Bayesian network analysis of panomic biological big data identifies the importance of triglyceride-rich LDL in atherosclerosis development

Front Cardiovasc Med. 2023 Jan 4:9:960419. doi: 10.3389/fcvm.2022.960419. eCollection 2022.

Abstract

Introduction: We sought to explore biomarkers of coronary atherosclerosis in an unbiased fashion.

Methods: We analyzed 665 patients (mean ± SD age, 56 ± 11 years; 47% male) from the GLOBAL clinical study (NCT01738828). Cases were defined by the presence of any discernable atherosclerotic plaque based on comprehensive cardiac computed tomography (CT).

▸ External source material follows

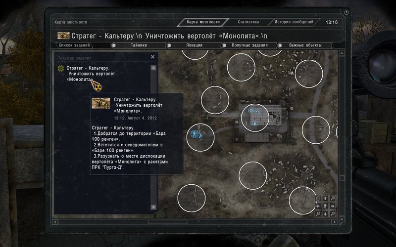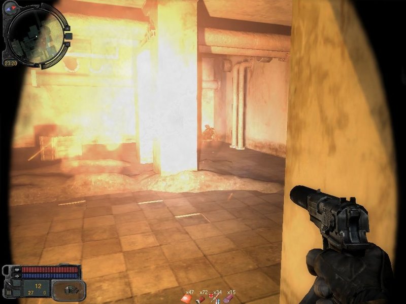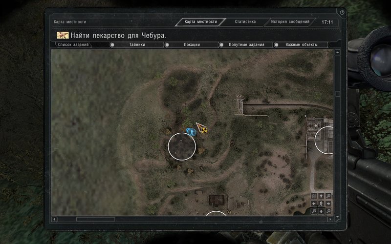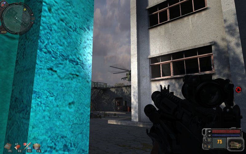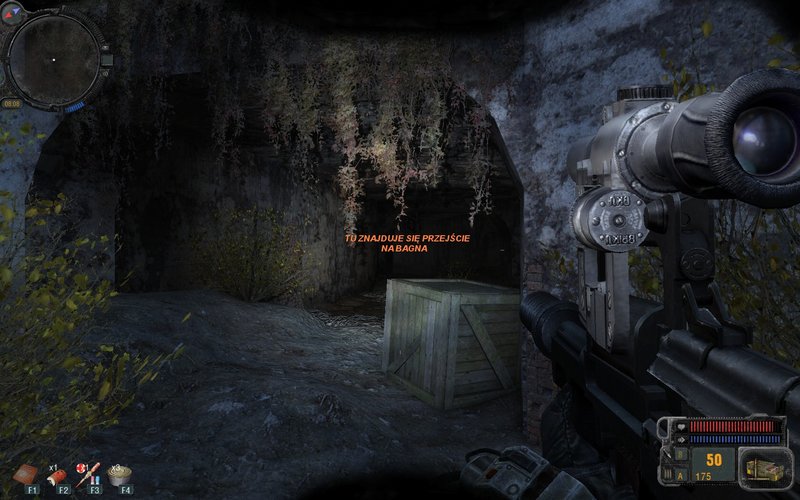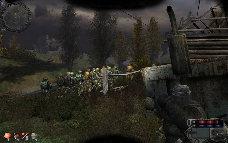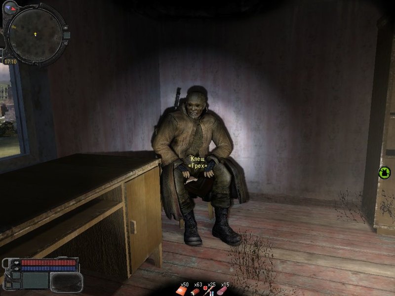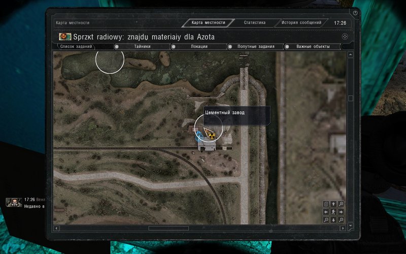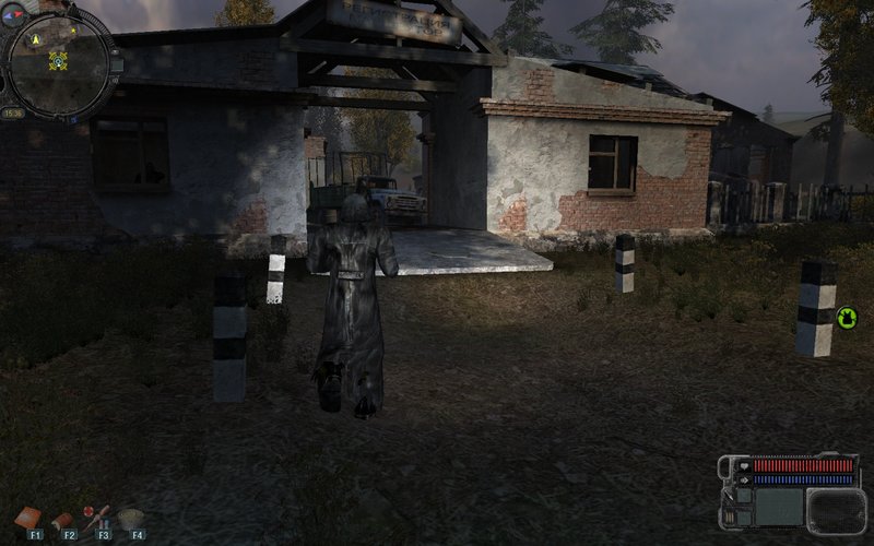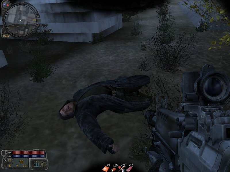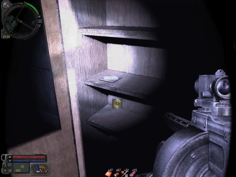 Rozmawiamy z najemnikami na 2 piętrze budynku (wcześniej “czyścimy” lokację). Chowamy się za ściankę jak na screenie poniżej i czekamy. Przychodzi 5 Monolitowców - walimy ich - między nimi nie ma Gurona. Idziemy na Magazyny Wojskowe (przejścia pomiędzy lokacjami są tam gdzie w podstawce tylko ich nie widać). Tu dostajemy namiar na schowek w Wiosce Pijawek - mina z timerem. Czyścimy bazę wolności - Gurona wykańczamy sami - wyłazi z nory ;D. Podkładamy minę na helikopterze - podchodzimY od przodu maszyny i naciskamy klawisz “F”. Odchodzimy na bezpieczną odległość - następuje wybuch. W Barze nie ma już nic do roboty - nagrodą za ubicie Gurona były informacje o śmigłowcu, więc zasuwamy na Kordon do przewodnika - czas na Zaton. Radar wygląda pięknie :).

De novo Bayesian networks built out of 37,000 molecular measurements and 99 conventional biomarkers per patient examined the potential causality of specific biomarkers.

Results: Most highly ranked biomarkers by gradient boosting were interleukin-6, symmetric dimethylarginine, LDL-triglycerides [LDL-TG], apolipoprotein B48, palmitoleic acid, small dense LDL, alkaline phosphatase, and asymmetric dimethylarginine. In Bayesian analysis, LDL-TG was directly linked to atherosclerosis in over 95% of the ensembles. Genetic variants in the genomic region encoding hepatic lipase (LIPC) were associated with LIPC gene expression, LDL-TG levels and with atherosclerosis.

Discussion: Triglyceride-rich LDL particles, which can now be routinely measured with a direct homogenous assay, may play an important role in atherosclerosis development.

Clinical trial registration: GLOBAL clinical study (Genetic Loci and the Burden of Atherosclerotic Lesions); [https://clinicaltrials.gov/ct2/show/NCT01738828?term=NCT01738828&rank=1], identifier [NCT01738828].

Keywords: Bayesian network analysis; LDL-triglycerides; cardiovascular risk; hepatic lipase; omics; triglyceride-rich LDL.